Но что за шум у нашего порога?
Не Арье ли?
А р ь е
Отец! Ликуй, отец!
Свершилось! Брат мой, радуйся! Победа!
Темницы стены рухнули проклятой!
Дож генуэзский повелеть изволил,
Что все, кого не тронула чума,
Оставить могут Геную! Всевышний!
Ты услыхал горячую молитву!
Отец мой, Цви, скорее собирайтесь,
Опасно медлить, надобно спешить!
Мой брат, скажи, довольно ль места в трюмах,
Которое владельцу оплатил ты,
На корабле, чтоб всем нам уместиться?
Какое счастье, Цви, что ты моряк,
Что сможем мы на твой корабль подняться!..
М е н а х е м
Ты не ошибся, Арье? Верны ль вести,
Что дож покинуть город позволяет,
Живот спасая, подданным своим?
А р ь е
Сомненья нет, то истинная правда!
Ты изумлен, отец? Я сам и мысли
Не допускал, что фараон отпустит
Народ святой из рабства своего.
Но чудо!
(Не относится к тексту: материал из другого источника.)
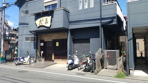 大真は何料理?、中から鍋の音、中華鍋だよな?、恐る恐る重い扉を開ける、カウンター席ほぼ一杯、二人掛け席へ向かうも二人ですが ?と聞かれ最後のカウンター席へ移る。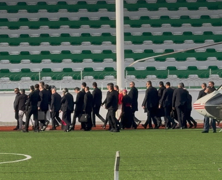 Papa'yı taşıyan helikopter ilçe stadyumuna indi.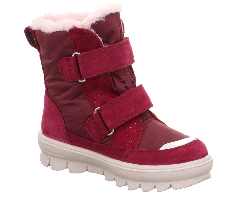 Dívčí zimní boty FLAVIA Red/Silver s membránou Gore-Tex, Superfit , 1-000216-5000, v červeno-stříbrné barevné kombinaci.

Что за райская музыка
Звучит сейчас в кварталах генуэзских:
Глашатаи повсюду объявляют,
Что вольны горожане покидать
Любой дорогой пораженный город.
М е н а х е м
Все горожане?
А р ь е
Все без исключенья!
М е н а х е м
Он внял мне. Он решился! Слава Богу!
А р ь е
Да, внял Господь, склонясь к моим мольбам!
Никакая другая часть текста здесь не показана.